Many people don't think about the security implications of this information existing in the first place. They might be aware that it's mined for advertising and other marketing purposes. They might even know that the government can get its hands on such data, with different levels of ease depending on the country.

But it doesn't generally occur to people that their personal information might be available to anyone who wants to look.

In reality, all these networks are vulnerable to organizational doxing. Most aren't any more secure than Ashley Madison or Sony were. We could wake up one morning and find detailed information about our Uber rides, our Amazon purchases, our subscriptions to pornographic websites—anything we do on the Internet—published and available. It's not likely, but it's certainly possible.

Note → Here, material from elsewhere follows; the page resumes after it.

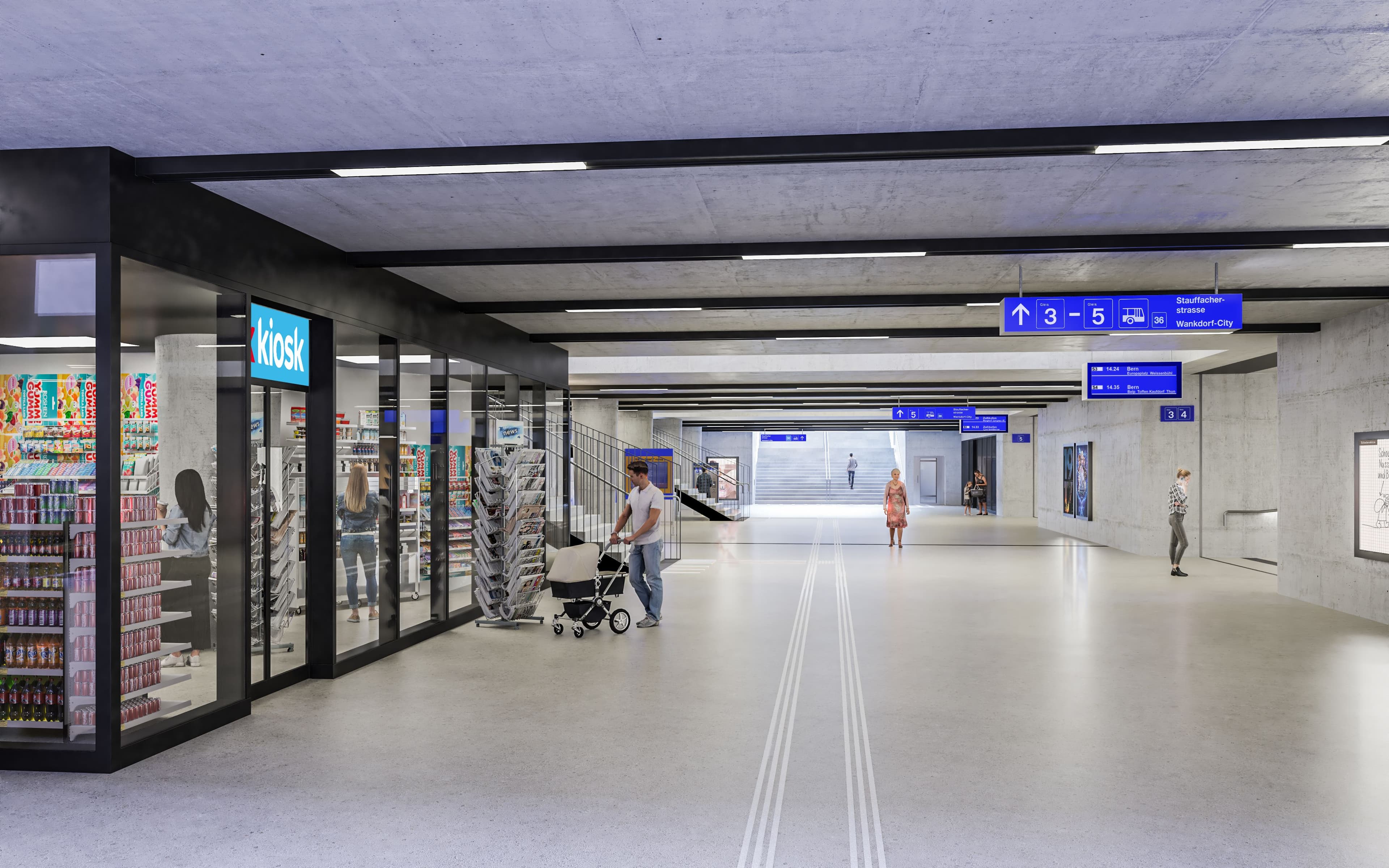 Parts of the Wankdorf Nord station will reach capacity limits over the next ten years due to development of the Bern Wankdorf area. Urgent action also needs to be taken to remedy the poor structural condition of the station. The existing main passageway is just one example of this.

Right now, you can search the Ashley Madison database for any email address, and read that person's details. You can search the Sony data dump and read the personal chatter of people who work for the company.Tempting though it may be, there are many reasons not to search for people you know on Ashley Madison.

The one I most want to focus on is context. An email address might be in that database for many reasons, not all of them lascivious. But if you find your spouse or your friend in there, you don't necessarily know the context. It's the same with the Sony employee emails, and the data from whatever company is doxed next. You'll be able to read the data, but without the full story, it can be hard to judge the meaning of what you're reading.

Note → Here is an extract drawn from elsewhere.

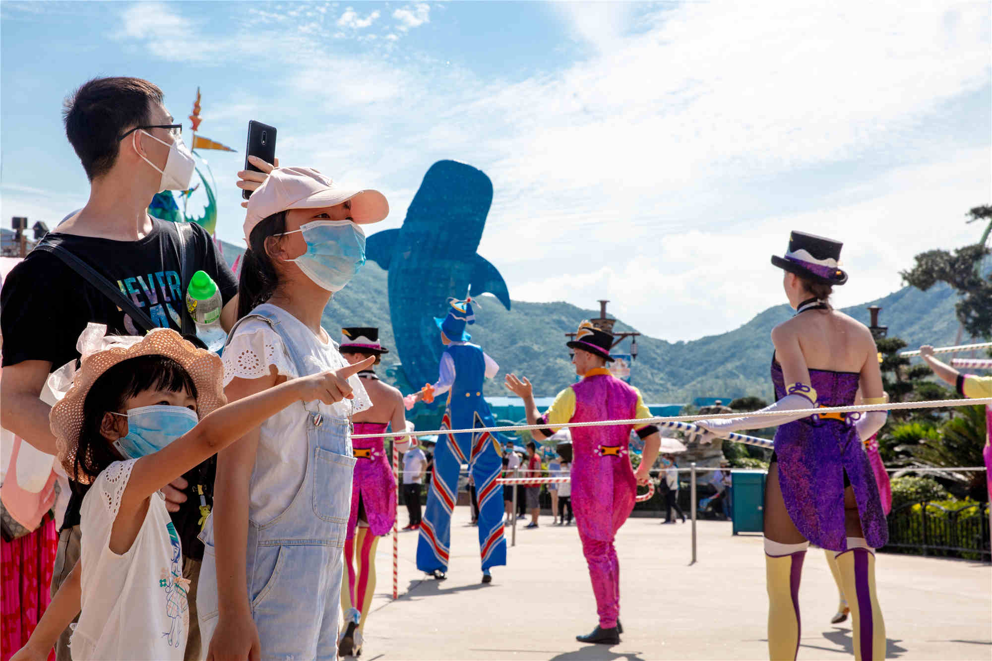 在珠海長隆海洋王國,很多遊客都注意到園區的衛生防疫措施,自覺佩戴口罩,增加洗手次數。在鸚鵡過山車項目處,遊客們按工作人員指引,「之」字形乘坐遊樂。5月1日晚,園區上空出現了千部無人機描繪 「天幕」、「龍」、 「火炬」、「奔跑」等畫面,形成奇幻感、科技感、藝術感十足的立體畫卷,煙花表演也重新呈現在遊客眼前。據報道,珠海長隆海洋王國還是五一期間多個無人機表演項目的拍攝地,包括「致敬勞動者」五一表演等等。

Even so, of course people are going to look. Reporters will search for public figures. Individuals will search for people they know. Secrets will be read and passed around. Anguish and embarrassment will result. In some cases, lives will be destroyed.

Privacy isn't about hiding something. It's about being able to control how we present ourselves to the world. It's about maintaining a public face while at the same time being permitted private thoughts and actions. It's about personal dignity.

Organizational doxing is a powerful attack against organizations, and one that will continue because it's so effective. And while the network owners and the hackers might be battling it out for their own reasons, sometimes it's our data that's the prize. Having information we thought private turn out to be public and searchable is what happens when the hackers win. It's a result of the information age that hasn’t been fully appreciated, and one that we're still not prepared to face.